● 一般的な用途
[Print Screen] キーの代表的機能は以下の通り。詳細は次章参照。
- スクリーンショットを撮る(一部 OS)
前回の [Caps Lock] キーは「よく不要扱いされる」などと記載したが,筆者に言わせると,こちらのキーの存在のほうがナゾ。とはいえ,とりあえずは一部の OS でスクリーンショットを撮る機能が働くよう。
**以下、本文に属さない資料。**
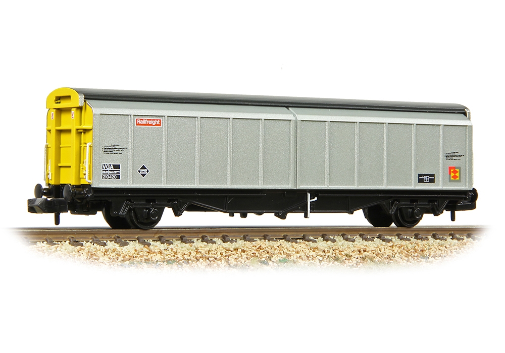 The VGA vans were built by British Rail between 1982 and 1983 for use on Speedlink services. Not only were they longer than the VAA-VDA air-braked vans that went before them, they also had taller openings as the sides, which were formed from a pair of sliding doors, extended above the roof line leaving just a narrow fixed roof section along the centre line of the van. Entering traffic on Speedlink services and finished in bare aluminium with red ends, the introduction of the new Railfreight identity in 1987 saw a number of VGAs gain yellow ends and Railfreight Distribution branding. Unlike many of their predecessors, the VGAs continued to find use after Speedlink services ceased in 1993 and soon many were formed into block trains carrying all manner of merchandise from explosives for the Ministry of Defence to petfood from Scotland. EWS became the main operator of the vans following Privatisation and a good number remain in service today.

[Print Screen] キーの元々の機能は,コンピュータ出力が文字のみだった頃に,画面に表示された文字データをプリンタに送り紙面で保存するものだったと思われる。当時は「紙」が最も安い記録媒体だったはずで,電子的に読み書きできる記憶媒体は,高価なうえ搭載できる容量も少なかった。高々数十メガバイトのハードディスクで大型洗濯機並の大きさがあり,数人がかりでトラックに積み下ろししている古い写真を見たことがある。今となってはハードディスクやら USB メモリやら,指でつまんで持てる程度で大容量の記録媒体がいくらでも使えるから,「元々の」役割の意味も薄れたのだろう。[Print Screen] キーの存在は,コンピュータ黎明期の名残りと言えるのかもね。
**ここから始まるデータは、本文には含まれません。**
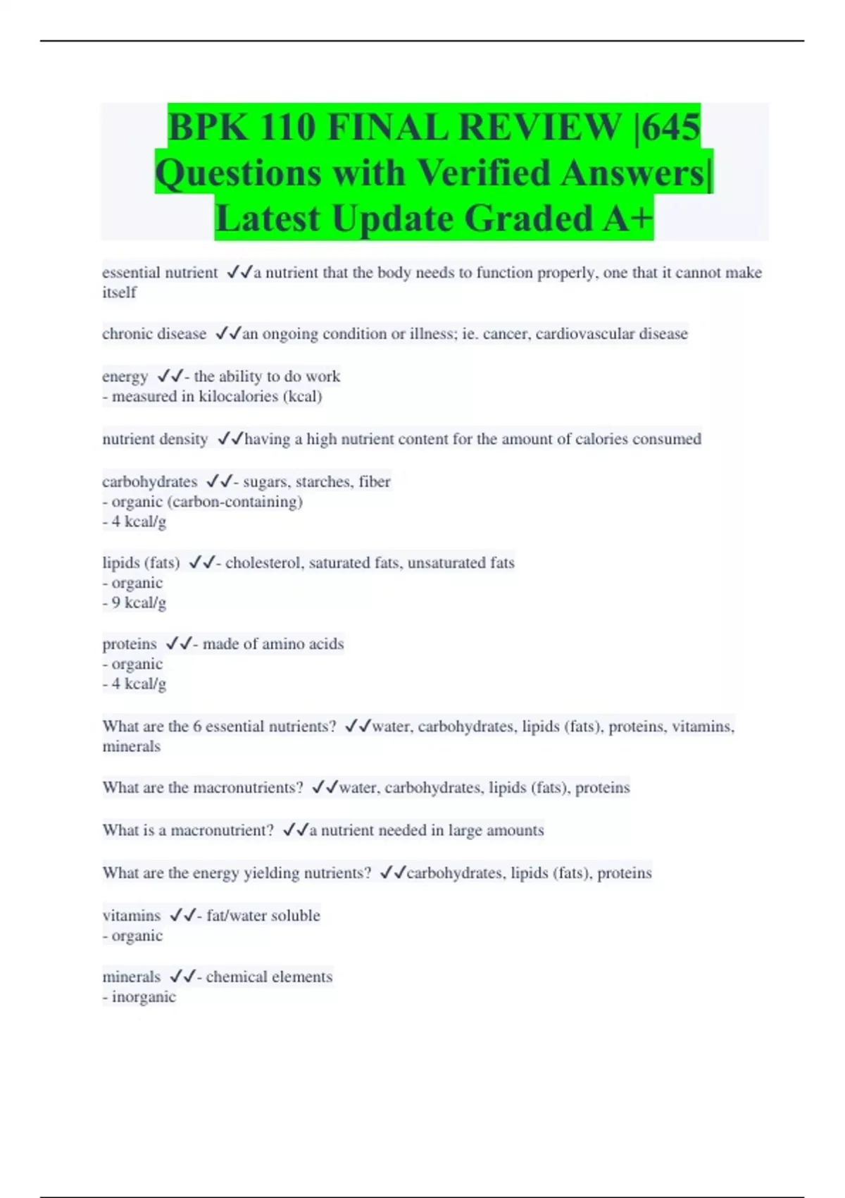BPK 110 FINAL REVIEW |645 Questions with Verified Answers| Latest Update Graded A+ essential nutrient a nutrient that the body needs to function properly, one that it cannot make itself chronic disease an ongoing condition or illness; ie. cancer, cardiovascular disease energy - the ability to do work - measured in kilocalories (kcal) nutrient density having a high nutrient content for the amount of calories consumed carbohydrates - sugars, starches, fiber - organic (carbon-containing) - 4 kcal/g lipids (fats) - cholesterol, saturated fats, unsaturated fats - organic - 9 kcal/g proteins - made of amino acids - organic - 4 kcal/g What are the 6 essential nutrients? water, carbohydrates, lipids (fats), proteins, vitamins, minerals What are the macronutrients? water, carbohydrates, lipids (fats), proteins What is a macronutrient? a nutrient needed in large amounts What are the energy yielding nutrients? carbohydrates, lipids (fats), proteins vitamins - fat/water soluble

なお,同じキーに [System Req] と記載されていることがある。ザッと調べたところ,元々「システムリクエスト」という意味だったよう。筆者は文字通りの意味で使ったことがないので詳細は知らないのだが,コンピュータで何らかのプログラムを実行中に,システムに対して別のコマンドを実行させたい時に押していたらしい。その機能として使う時は [Alt] キーと一緒に押す必要があったよう。ちなみに,筆者が現在メインで使っている Dynabook では,[PrtScr] キーと [SysRq] のキーは別々である。
ひょっとすると [System Req] には,実行中のプログラムを中断する役割があったかもしれない。当初コンピュータが実行できるのは単一プロセスで,つまり同時に複数のことはできなかった。すると,実行させたプログラムにミスがあり,たとえば無限ループになっちゃうと,他のことが何もできなくなるから,強制的に中断してシステムに制御を戻す機能は必要だっただろう。コンピュータの性能が上がってマルチタスクとなり,つまり並行して複数処理が可能になれば,システム命令も別のプロセスで実行できるから他のプログラムを「中断」する必要もないわけで,使われなくなっていくのは自然な話だろう。
● スクリーンショットを撮る(一部 OS)
「スクリーンショット(以下『スクショ』)」とは,今見ている画面をそのまま1つの「画像」として扱えるようにする機能。
このキーによりスクショを撮る機能は,少なくとも Windows 10 以前と,キーボードを接続した Android で有効。
単独で押した場合は,全画面のスクショが撮られる。また,スクショが有効な Windows では,[Alt] キーを押しながらこのキーを押すと,押した時点でアクティブだった窓のみのスクショが撮れる。
Windows では,いずれの場合も「画像データ」としてクリップボードに一時保存される。撮った直後ワープロや画像を扱うソフトでペースト操作([Ctrl]+[V] など)することで,画像として貼り付けて使える。
ただ,どうやら Windows 11 で変更されてしまったらしい。知っていれば便利に使える機能なのに,なぜ変えるかなぁ。まぁ,Windows なんて筆者はほとんど使わないからどーでもいいけど。そもそも,そうやってコロコロ動作を変えるから,Windows を使う気がなくなったのだが。
Android の場合,Screenshots フォルダに自動的に名前が付けられて保存される。あとで「Files」などのアプリで「画像」としてまとめられているフォルダ内を探すと見つかる。
なお,Android の場合は,上からスワイプして出る簡易設定画面や,電源ボタンの長押しなどで出るメニュー内に「スクショ」の項目がある場合がある。また,筆者のスマホでは「3指タップ」でスクショを撮る設定もできる(使っていないけど)。
Linux 辺りはデスクトップ環境によって異なる可能性がある。筆者が現在メインで使っている LXDE というデスクトップ環境では,このキーによるスクショ機能はなく,「スクショ用アプリ」を起動する必要がある。そのアプリには撮った画像をファイルとして保存する機能があり,この場合,見ていた画面を保存するためのワープロや画像編集ソフトなどは不要になる。
Mac 系はよく知らない。だいたい,Mac 仕様のキーボードにこのキーはなかったと思う。ただ,スクショを撮るには [Shift]+[⌘]+[3] の操作で,アクティブ窓のみの場合は [Shift]+[⌘]+[4]+[SPACE] のキー操作で機能するらしい([⌘] は「コマンドキー」と呼ばれるキー)。